Chacune de ses grandes œuvres semble faite de détails infimes : de petites figures humaines, dessinées avec précision, répétées, accumulées — parfois alignées comme une procession secrète sur une coquille d’oeuf, parfois dispersées dans un apparent chaos, pleine page. Des lignes superposées, entremêlées, composent des formes inattendues, peuplées d’ombres inquiétantes. Des objets d’apparence hétéroclites, accumulation improbable racontant une histoire. L’ensemble se tient dans une multitude fragile et expressive, où le tout n’écrase jamais les parties.
Le surréalisme comme monde habité
Glass ne se contente pas d’avoir un style singulier ou de citer ses influences.
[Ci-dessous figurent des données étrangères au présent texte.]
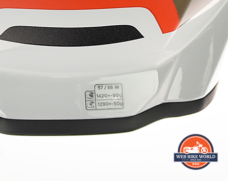 The Airoh Commander is also lightweight. It’s listed at 1430 g ±50 g or 3.15 lbs. My scale confirmed this Medium GS Pure weighs 3.1 lbs or 1406g. Not only is this a feather of a helmet, but the weight is distributed low in the shell. FYI, the second even lower weight printed on the helmet sticker in the photo above refers to when the visor is removed.

Il va plus loin. Le surréalisme n’est pas ici un jeu, mais une manière d’habiter le monde. Ou de s’en extraire. Les petites figures, les fragments d’objets, les matériaux pauvres se répondent comme dans un langage secret. Une langue oubliée peut-être. Le rêve est partout, mais jamais onirique. Plutôt : inquiétant, complexe, chargé d’échos du passé, des rebus, d’objets rejetés trouvant un sens nouveau dans des scènes imprévues.
Le hasard en roue libre
Parmi les motifs qui reviennent dans l’œuvre de Glass, celui de la roue, de la roulette, du jeu de hasard au mécanisme compliqué m’a particulièrement intriguée. Il y a des disques, des flèches mobiles, des cadrans, parfois même des aiguilles. Ces éléments évoquent le hasard, le jeu, le tirage au sort, mais pas de façon légère. Il ne s’agit pas de divertir, mais peut-être de laisser une place à l’imprévisible, au mouvement, à ce que l’artiste ne contrôle pas. Accepter d’être surpris, voire traversé par un sens qui nous échappe. Sommes-nous responsable de notre destin ou c’est ce destin qui nous tient par la main?
Un miroir intérieur — ou un écho
Devant les boîtes, les visages, les assemblages insolites, j’ai pensé à un texte que j’ai écrit, bien avant de découvrir l’œuvre de Glass: Mon cabinet de curiosités, tout au bas de la page. J’y dénombrais les objets hétéroclites qui peuplent ma maison, mes étagères, ma mémoire, ce qui me fait moi. Ce texte me semblait à l’époque un bric-à-brac personnel. En découvrant Glass, j’ai été touchée. Comme si ce désordre choisi parlait une langue faite d’échos, de fragments, de correspondances. Comme s’il me parlait à moi, personnellement.
L’un dérange, l’autre éclaire
Je suis sortie du musée avec un sentiment mêlé, comme ça m’arrive souvent. L’exposition sur Berthe Weill m’a offert un regard éclairant sur une figure historique que l’on avait trop longtemps tenue dans l’ombre. J’ai admiré sa ténacité, son intuition, son rôle décisif dans l’émergence de l’art moderne. Mais le récit manquait de surprise, et les œuvres, déjà vues, peinaient à raviver l’étonnement. La surprise n’était pas au rendez-vous.
C’est du côté d’Alan Glass que quelque chose s’est produit. Une forme d’ébranlement diffus, d’étrangeté fertile. Une curiosité troublée, persistante. Je ne suis pas certaine d’avoir compris ce que j’ai vu, mais je sais que cela m’a touchée, un peu dérangée aussi. Et cela suffit.
Entre la figure historique célébrée et l’artiste marginal demeuré dans une solitude délibérée, j’ai ressenti le poids de ce que l’on choisit de montrer, d’encadrer, de réparer. Et j’ai aussi senti, avec force, ce que l’art peut encore provoquer quand il échappe à tout ça. Quand il ne cherche ni la reconnaissance, ni l’explication, mais simplement à exister — intensément, violemment, doucement.
Je ne sais pas si j’ai rencontré Alan Glass. Mais je me suis reconnue un peu dans ses constellations d’images. Et c’est peut-être là, pour moi, la seule mesure valable d’une visite réussie.